== Segment start ==

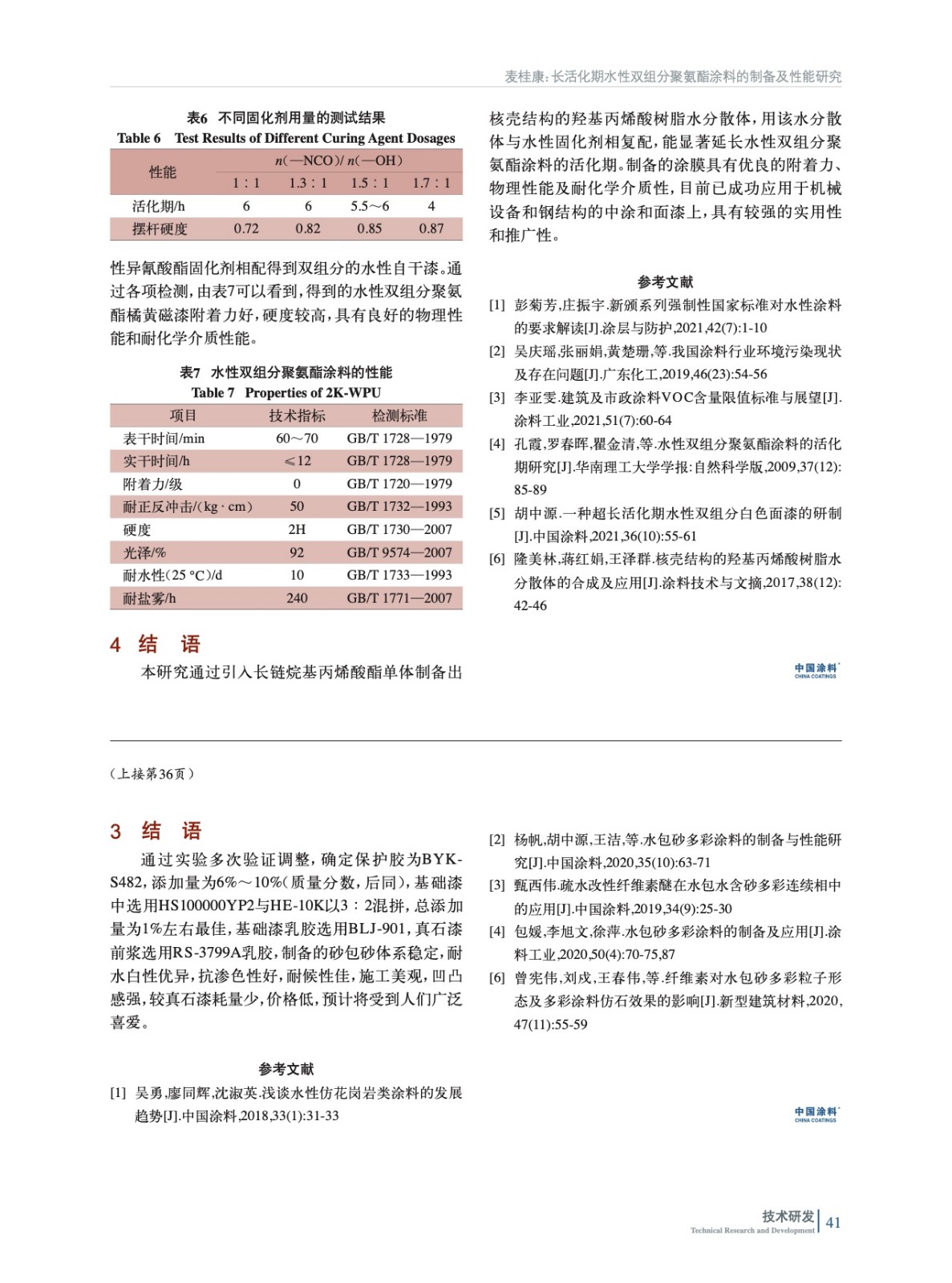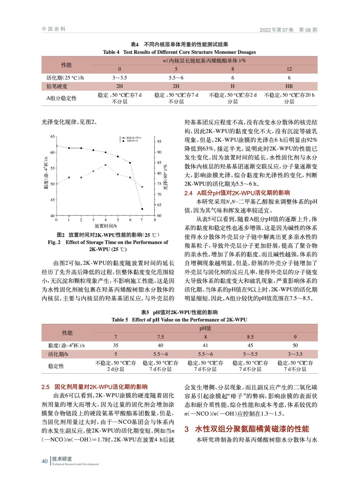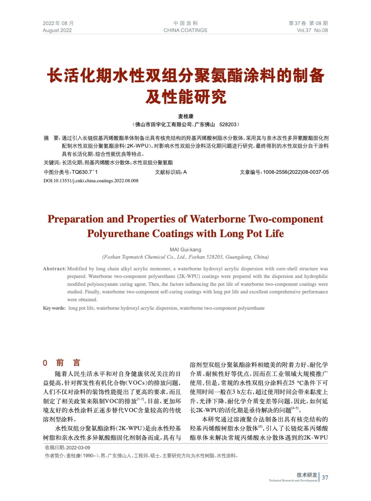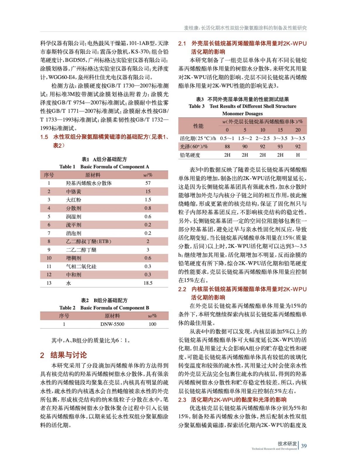 長活化期水性雙組分聚氨酯涂料的制備及性能研究
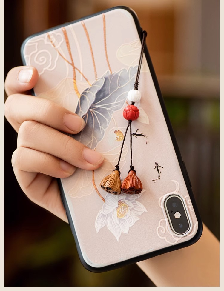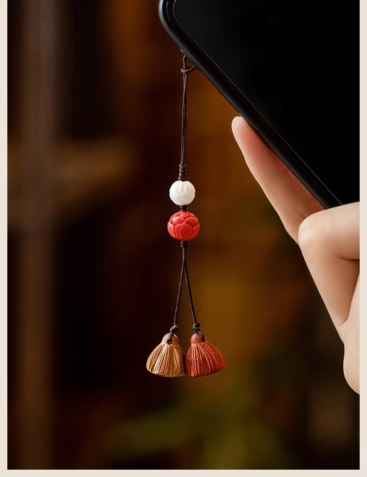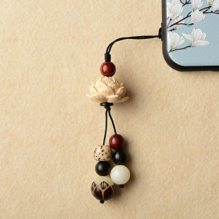 복숭아 나무 연꽃 작은 펜던트 백단향 휴대 전화 체인 여성의 골동품 로프 키 체인 펜던트 액세스 끈 매달려 장식품
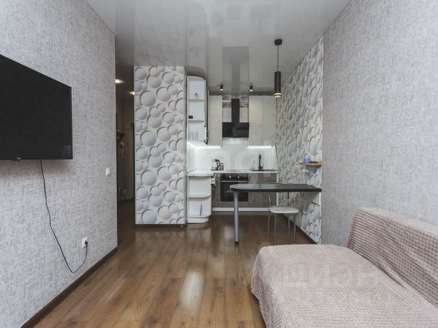Встроенная кухня с духовым шкафом, вытяжкой, микроволновкой и индукционной варочной поверхностью. Имеется электрический чайник и полноценный большой холодильник, стиральная машина, посудомоечная машина, телевизор плазма на кухне. Встроенный шкаф к прихожей. Плазму из зала собственник забирает.
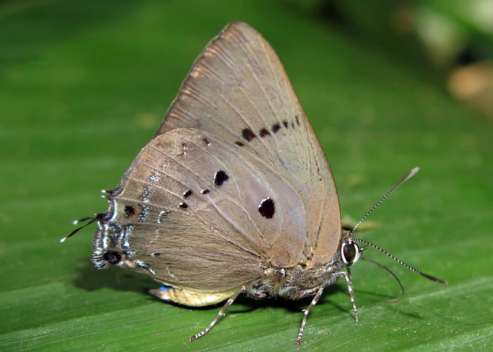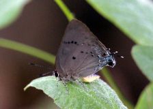 Al igual que varias otras especies, la mariposa sedosa de manchas negras posee ornamentaciones en forma de ojos, llamados “ojos falsos” en el dorso de las alas posteriores, manchas rojas y azules, y antenas falsas en sus colas cortas con puntas blancas. Este mimetismo les ha resultado exitoso para engañar a los depredadores, pues es frecuente encontrar individuos sin partes de las alas donde se ubicaban el ojo y la cola, que han escapado al ataque de aves. Incluso, se ha demostrado que la cabeza falsa es una defensa eficaz contra las arañas saltarinas (Salticidae).
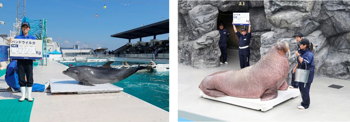 これらの生き物たちは、特にハンドサインに従って自ら体重計に乗るバンドウイルカや、カゴに入れて計測されるフンボルトペンギンの様子など、普段見ることのできない光景を間近で観察できます。
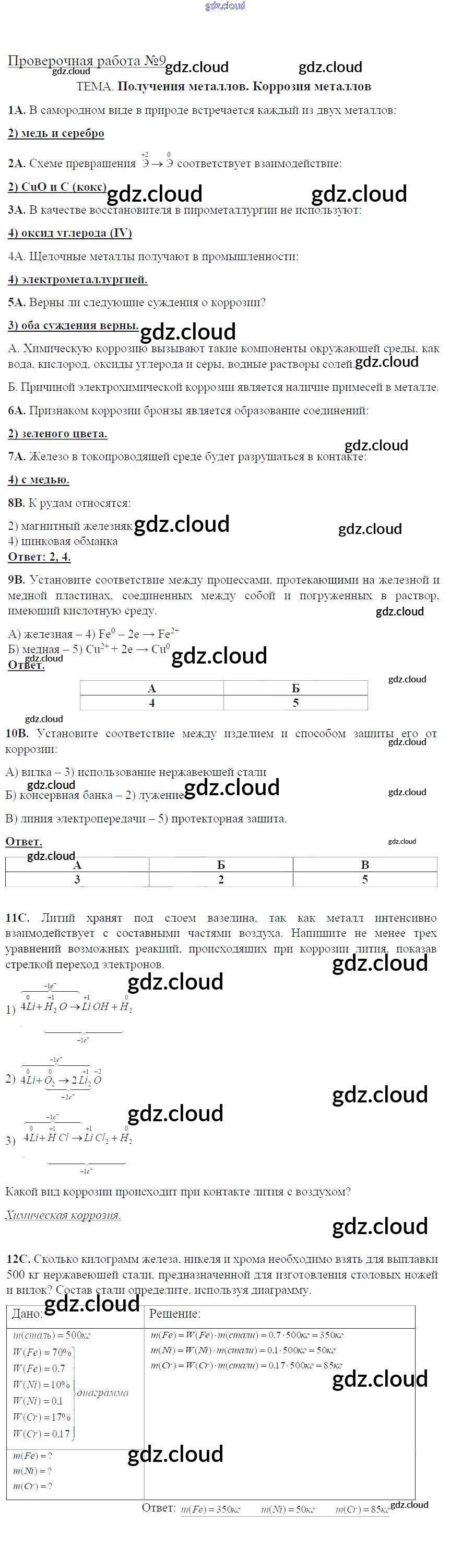 проверочная работа / пр-9. Получение металлов. Коррозия металлов
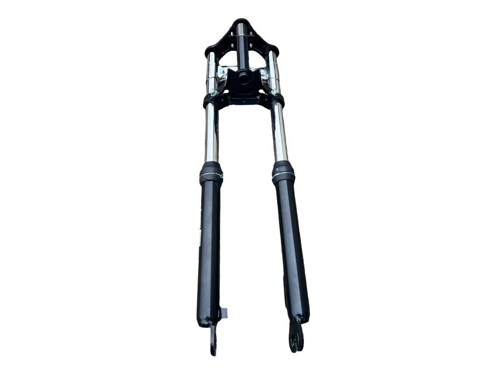 Diese verlängerte Federgabel in Schwarz ist ein hochwertiges Tuning- und Ersatzteil für viele Puch Maxi Mofas. Mit ihrer um 10 cm verlängerten Bauform (Gesamtlänge ca. 700 mm) eignet sie sich perfekt für optische Umbauten, Tieferlegung oder zur Verbesserung der Fahrstabilität.

== Segment end ==

→ Prompt: Transcribe, exactly and without pictures, everything in the data from the line with "복숭아 나무 연꽃 작은" down to the line with "проверочная работа /", both included.

→ Task solution:
 복숭아 나무 연꽃 작은 펜던트 백단향 휴대 전화 체인 여성의 골동품 로프 키 체인 펜던트 액세스 끈 매달려 장식품
Встроенная кухня с духовым шкафом, вытяжкой, микроволновкой и индукционной варочной поверхностью. Имеется электрический чайник и полноценный большой холодильник, стиральная машина, посудомоечная машина, телевизор плазма на кухне. Встроенный шкаф к прихожей. Плазму из зала собственник забирает.
 Al igual que varias otras especies, la mariposa sedosa de manchas negras posee ornamentaciones en forma de ojos, llamados “ojos falsos” en el dorso de las alas posteriores, manchas rojas y azules, y antenas falsas en sus colas cortas con puntas blancas. Este mimetismo les ha resultado exitoso para engañar a los depredadores, pues es frecuente encontrar individuos sin partes de las alas donde se ubicaban el ojo y la cola, que han escapado al ataque de aves. Incluso, se ha demostrado que la cabeza falsa es una defensa eficaz contra las arañas saltarinas (Salticidae).
 これらの生き物たちは、特にハンドサインに従って自ら体重計に乗るバンドウイルカや、カゴに入れて計測されるフンボルトペンギンの様子など、普段見ることのできない光景を間近で観察できます。
 проверочная работа / пр-9. Получение металлов. Коррозия металлов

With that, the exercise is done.